Results and discussion
Growth of C. vulgaris
In pre-cultures, C. vulgaris entered the logarithmic phase 72 h after the inoculation, which is consistent to the growth curve of C. vulgaris obtained by Sakarika & Kornaros (2016) under the same conditions (Sakarika & Kornaros, 2016). The growth curves of the microalgae inoculated from the pre-culture into the beakers in Groups 1, 2, and 5 were shown in Fig. 4. The growth rate in MAC was 0.200 day−1 and the growth rates were 0.070 and 0.065 day−1 in HCM1 and HCM2 respectively. The algal growth rate in MAC was greater than the growth rates in HCM1 and HCM2 as expected, since neither nutrient nor oxygen was shared. There is a comparable study which supports this finding, the microalgal growth rate in monocultures was higher than the growth rate in co-cultures (Supraja, Behera & Balasubramanian, 2020). Since the growth curves were not very different in HCM1 (aerated) and HCM2 (non-aerated), it can be deduced that aeration is not necessary for microalgae growth in this symbiotic associated system. Aeration system (pipes, pumps, filters, energy) creates a significant cost in both microalgae cultures and hydroponic cultures (Zhang, Wang & Zhou, 2017). In this respect, it can be concluded that co-culturing strategy eliminates aeration requirement and thus provides a cost-effective and environmentally-friendly system that can be used in microalgae cultivation.

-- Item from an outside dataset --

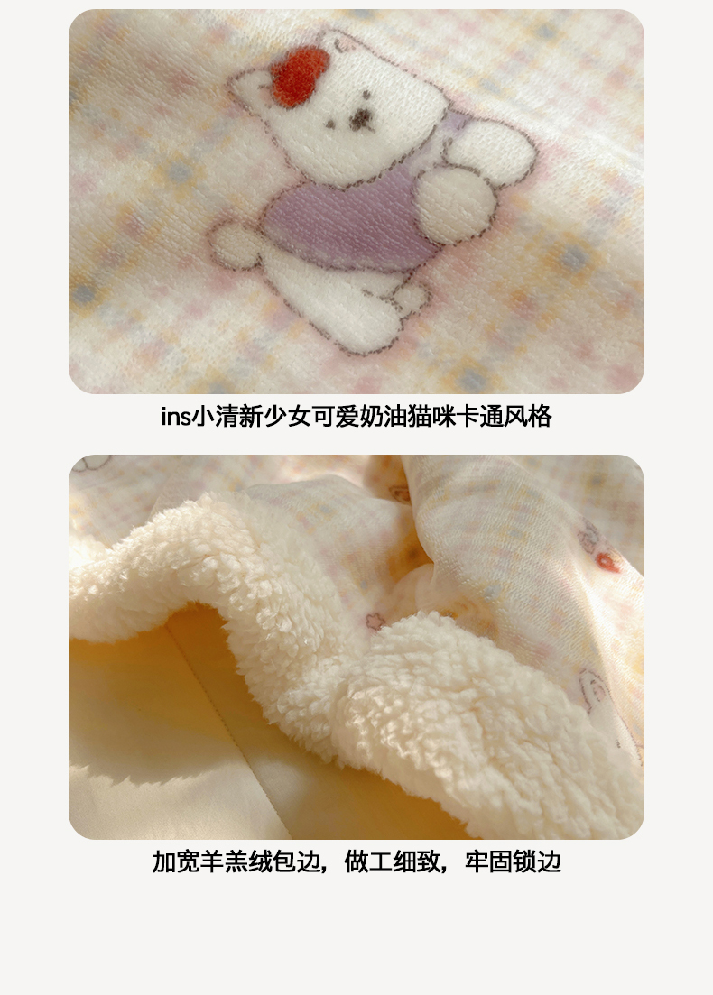 当前位置: 91家纺网 > 商品网购 > 毛毯休闲毯绒毯 > 毛毯 > 桃子家居 2025新款A类ins小清新少女可爱奶油猫咪卡通加厚牛奶绒羊羔绒毛毯多功能毛毯 绒毛毯-MT甜心西高地

Figure 4. Growth curves of C. vulgaris for different treatments.
■ HCM1, DWC+Microalgae+Aeration; ● HCM2, DWC+Microalgae; ♦ MAC, Microalgae+Aeration.
Physical and morphological analysis of plants
The growing medium is a significant source of nutrients for plant development; hence, plant growth can be affected by the growing media. The growth of the mint was analyzed in terms of changes in total weight and shoot length. Additionally, the color and chlorophyll levels of the mint leaves were assessed across all groups.

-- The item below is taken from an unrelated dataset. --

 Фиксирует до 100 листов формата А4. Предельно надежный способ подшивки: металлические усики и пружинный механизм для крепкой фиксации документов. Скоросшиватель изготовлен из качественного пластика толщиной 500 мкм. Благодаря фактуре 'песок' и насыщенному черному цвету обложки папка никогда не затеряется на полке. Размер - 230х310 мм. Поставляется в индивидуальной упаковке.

Weight measurement of the seedlings and DO contents in the nutrient solutions
The mint seedlings were weighed at the beginning and at the end of the experiments and the weight increases were calculated, the results obtained are given in Fig. 5. The results here show both the effect of aeration and the effect of microalgae on the weight increase.
Figure 5. The change in the weights of the mint seedlings.
HCM1, DWC+Microalgae+Aeration; HCM2, DWC+Microalgae; HCM3, DWC+Aeration; HCM4, DWC, data are means ± SD (n = 9).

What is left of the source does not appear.